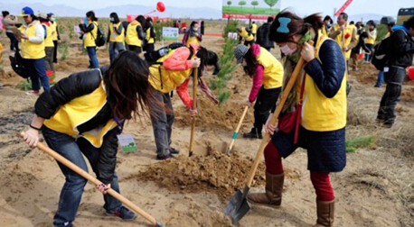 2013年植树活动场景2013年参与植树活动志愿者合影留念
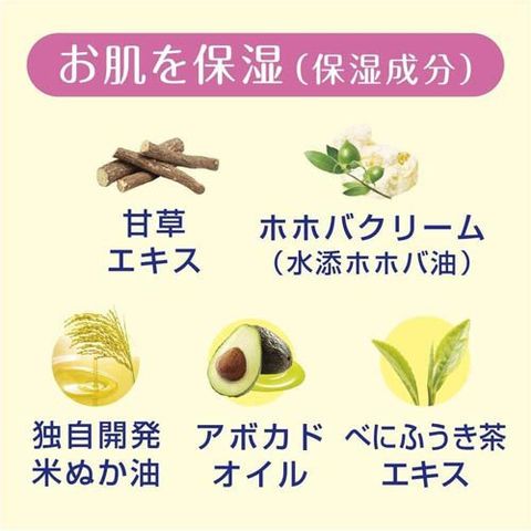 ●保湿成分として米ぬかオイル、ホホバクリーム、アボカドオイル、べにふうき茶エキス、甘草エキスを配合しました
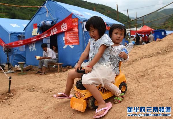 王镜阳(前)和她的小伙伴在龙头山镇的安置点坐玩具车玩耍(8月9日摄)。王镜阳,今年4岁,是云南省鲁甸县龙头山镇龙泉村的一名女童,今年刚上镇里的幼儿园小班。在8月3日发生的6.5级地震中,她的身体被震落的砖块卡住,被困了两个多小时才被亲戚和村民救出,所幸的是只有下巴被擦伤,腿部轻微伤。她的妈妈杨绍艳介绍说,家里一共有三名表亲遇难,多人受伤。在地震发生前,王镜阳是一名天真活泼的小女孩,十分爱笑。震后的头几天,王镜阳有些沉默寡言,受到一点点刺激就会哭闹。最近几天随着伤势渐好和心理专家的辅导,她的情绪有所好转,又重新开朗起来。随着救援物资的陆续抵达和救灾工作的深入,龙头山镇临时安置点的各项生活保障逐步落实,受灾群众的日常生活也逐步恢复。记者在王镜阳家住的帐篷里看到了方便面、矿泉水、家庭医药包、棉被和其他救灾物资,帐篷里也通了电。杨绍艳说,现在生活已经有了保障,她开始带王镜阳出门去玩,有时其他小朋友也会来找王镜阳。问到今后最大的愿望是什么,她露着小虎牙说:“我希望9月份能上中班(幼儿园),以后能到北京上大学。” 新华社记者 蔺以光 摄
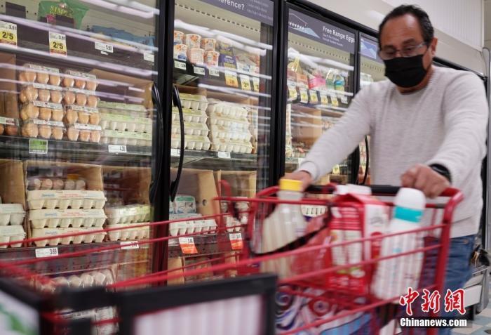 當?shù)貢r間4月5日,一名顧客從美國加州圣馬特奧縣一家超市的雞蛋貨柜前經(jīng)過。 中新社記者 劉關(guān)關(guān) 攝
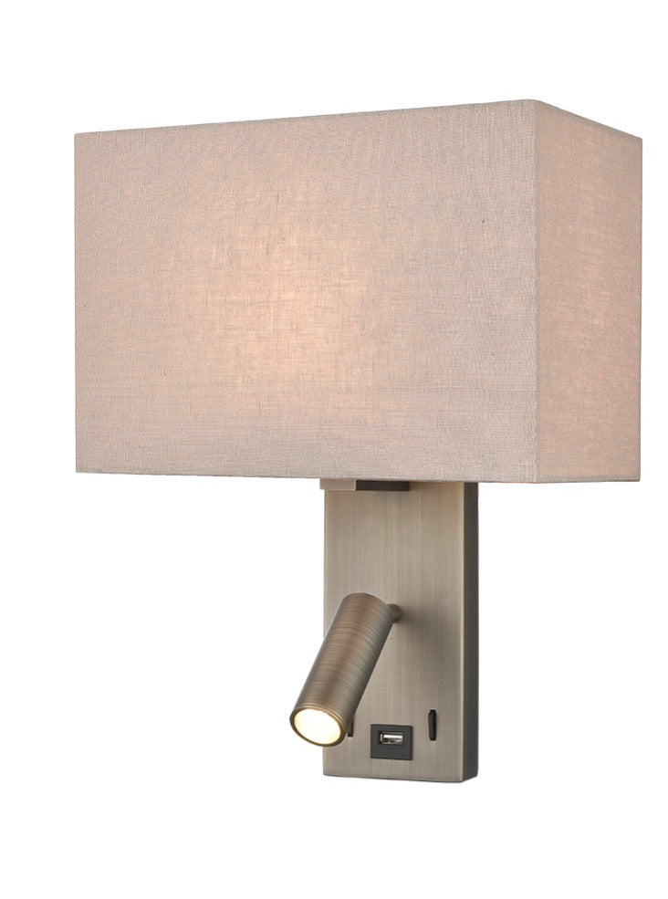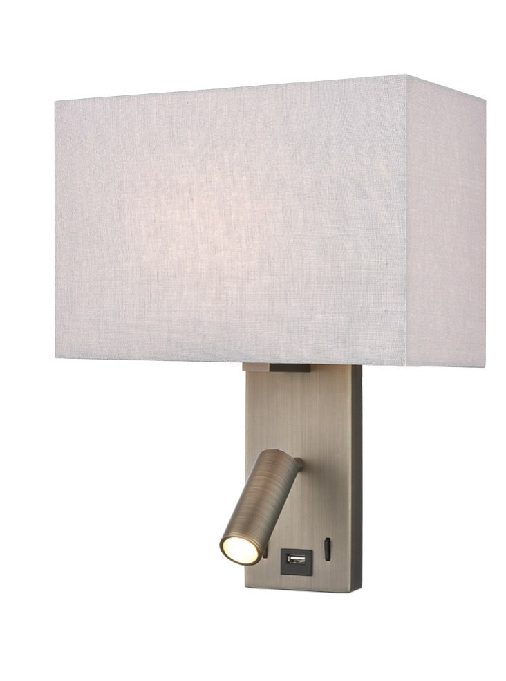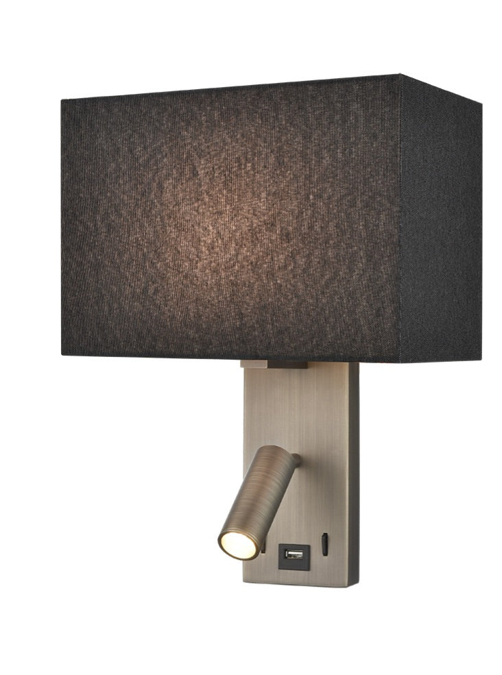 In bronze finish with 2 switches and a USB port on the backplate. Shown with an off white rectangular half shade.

::::::::::

◆ BRIEF
Produce an exact copy of the records above, leaving out the pictures.

◆ OUTPUT BELOW
 2013年植树活动场景2013年参与植树活动志愿者合影留念
 ●保湿成分として米ぬかオイル、ホホバクリーム、アボカドオイル、べにふうき茶エキス、甘草エキスを配合しました
 王镜阳(前)和她的小伙伴在龙头山镇的安置点坐玩具车玩耍(8月9日摄)。王镜阳,今年4岁,是云南省鲁甸县龙头山镇龙泉村的一名女童,今年刚上镇里的幼儿园小班。在8月3日发生的6.5级地震中,她的身体被震落的砖块卡住,被困了两个多小时才被亲戚和村民救出,所幸的是只有下巴被擦伤,腿部轻微伤。她的妈妈杨绍艳介绍说,家里一共有三名表亲遇难,多人受伤。在地震发生前,王镜阳是一名天真活泼的小女孩,十分爱笑。震后的头几天,王镜阳有些沉默寡言,受到一点点刺激就会哭闹。最近几天随着伤势渐好和心理专家的辅导,她的情绪有所好转,又重新开朗起来。随着救援物资的陆续抵达和救灾工作的深入,龙头山镇临时安置点的各项生活保障逐步落实,受灾群众的日常生活也逐步恢复。记者在王镜阳家住的帐篷里看到了方便面、矿泉水、家庭医药包、棉被和其他救灾物资,帐篷里也通了电。杨绍艳说,现在生活已经有了保障,她开始带王镜阳出门去玩,有时其他小朋友也会来找王镜阳。问到今后最大的愿望是什么,她露着小虎牙说:“我希望9月份能上中班(幼儿园),以后能到北京上大学。” 新华社记者 蔺以光 摄
 當?shù)貢r間4月5日,一名顧客從美國加州圣馬特奧縣一家超市的雞蛋貨柜前經(jīng)過。 中新社記者 劉關(guān)關(guān) 攝
 In bronze finish with 2 switches and a USB port on the backplate. Shown with an off white rectangular half shade.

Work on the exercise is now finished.